__Goal of the exercise__
Leave out the images and return all the data word for word.

Stored items
════════

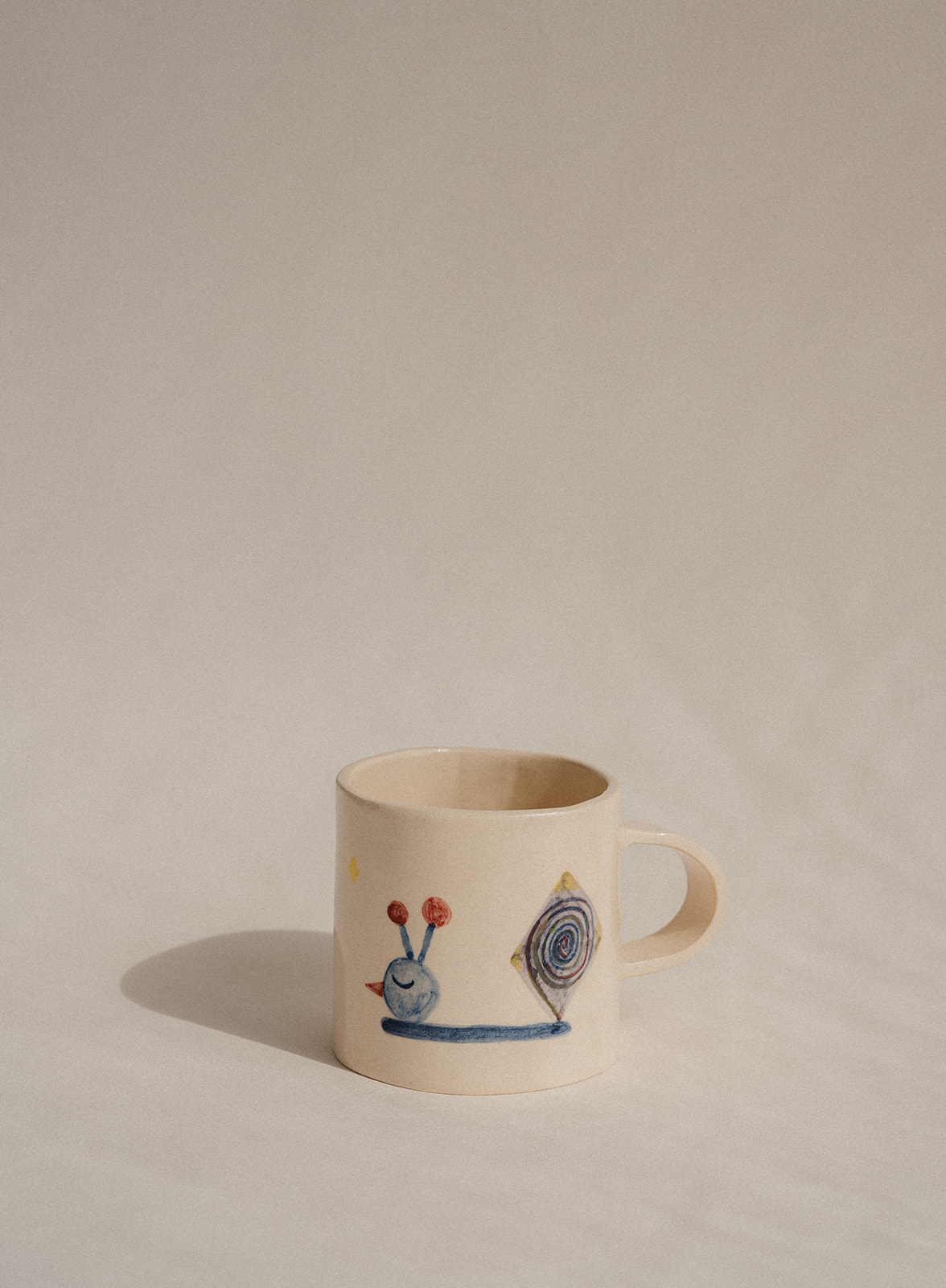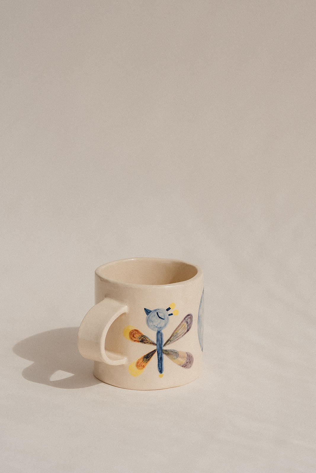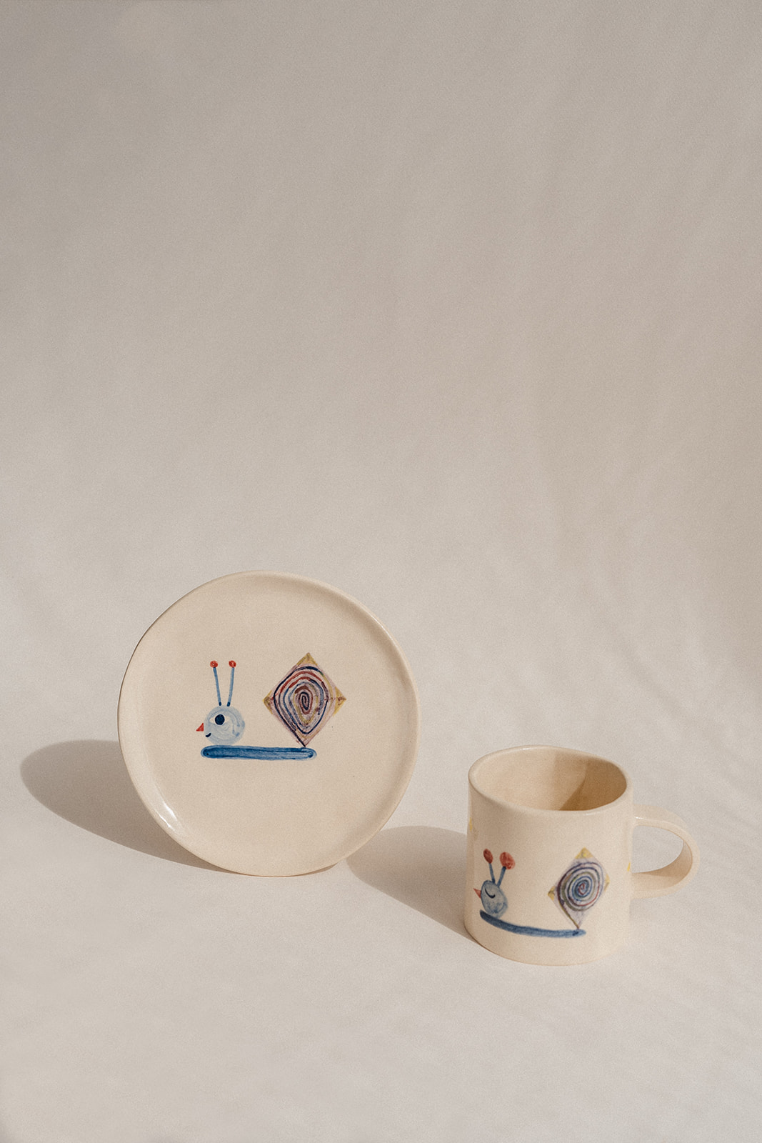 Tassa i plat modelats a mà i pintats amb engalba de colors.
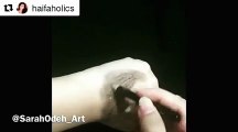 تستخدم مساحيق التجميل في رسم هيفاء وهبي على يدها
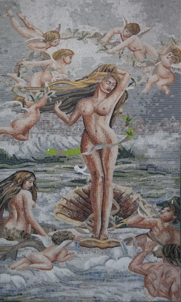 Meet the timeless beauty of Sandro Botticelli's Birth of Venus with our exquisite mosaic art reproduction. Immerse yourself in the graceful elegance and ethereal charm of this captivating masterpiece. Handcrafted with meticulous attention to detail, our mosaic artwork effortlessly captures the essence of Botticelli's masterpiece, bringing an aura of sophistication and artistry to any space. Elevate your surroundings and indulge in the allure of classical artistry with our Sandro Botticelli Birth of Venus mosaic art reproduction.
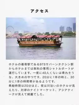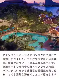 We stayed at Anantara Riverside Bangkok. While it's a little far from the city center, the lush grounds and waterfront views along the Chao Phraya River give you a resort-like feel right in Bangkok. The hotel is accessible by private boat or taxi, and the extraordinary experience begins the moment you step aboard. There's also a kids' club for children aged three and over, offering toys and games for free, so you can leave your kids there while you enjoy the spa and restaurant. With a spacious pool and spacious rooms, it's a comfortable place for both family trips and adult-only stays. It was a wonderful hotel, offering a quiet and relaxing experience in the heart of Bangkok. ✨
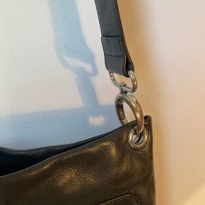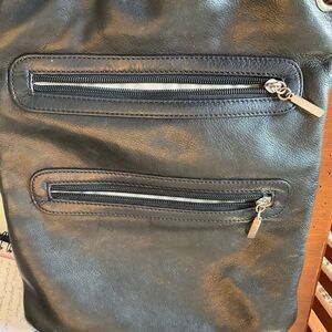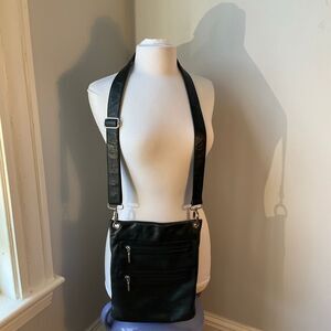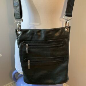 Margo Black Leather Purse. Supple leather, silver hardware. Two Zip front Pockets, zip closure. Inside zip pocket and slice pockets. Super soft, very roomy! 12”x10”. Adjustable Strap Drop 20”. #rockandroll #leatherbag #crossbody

════════

__Written answer__
 Tassa i plat modelats a mà i pintats amb engalba de colors.
 تستخدم مساحيق التجميل في رسم هيفاء وهبي على يدها
 Meet the timeless beauty of Sandro Botticelli's Birth of Venus with our exquisite mosaic art reproduction. Immerse yourself in the graceful elegance and ethereal charm of this captivating masterpiece. Handcrafted with meticulous attention to detail, our mosaic artwork effortlessly captures the essence of Botticelli's masterpiece, bringing an aura of sophistication and artistry to any space. Elevate your surroundings and indulge in the allure of classical artistry with our Sandro Botticelli Birth of Venus mosaic art reproduction.
 We stayed at Anantara Riverside Bangkok. While it's a little far from the city center, the lush grounds and waterfront views along the Chao Phraya River give you a resort-like feel right in Bangkok. The hotel is accessible by private boat or taxi, and the extraordinary experience begins the moment you step aboard. There's also a kids' club for children aged three and over, offering toys and games for free, so you can leave your kids there while you enjoy the spa and restaurant. With a spacious pool and spacious rooms, it's a comfortable place for both family trips and adult-only stays. It was a wonderful hotel, offering a quiet and relaxing experience in the heart of Bangkok. ✨
 Margo Black Leather Purse. Supple leather, silver hardware. Two Zip front Pockets, zip closure. Inside zip pocket and slice pockets. Super soft, very roomy! 12”x10”. Adjustable Strap Drop 20”. #rockandroll #leatherbag #crossbody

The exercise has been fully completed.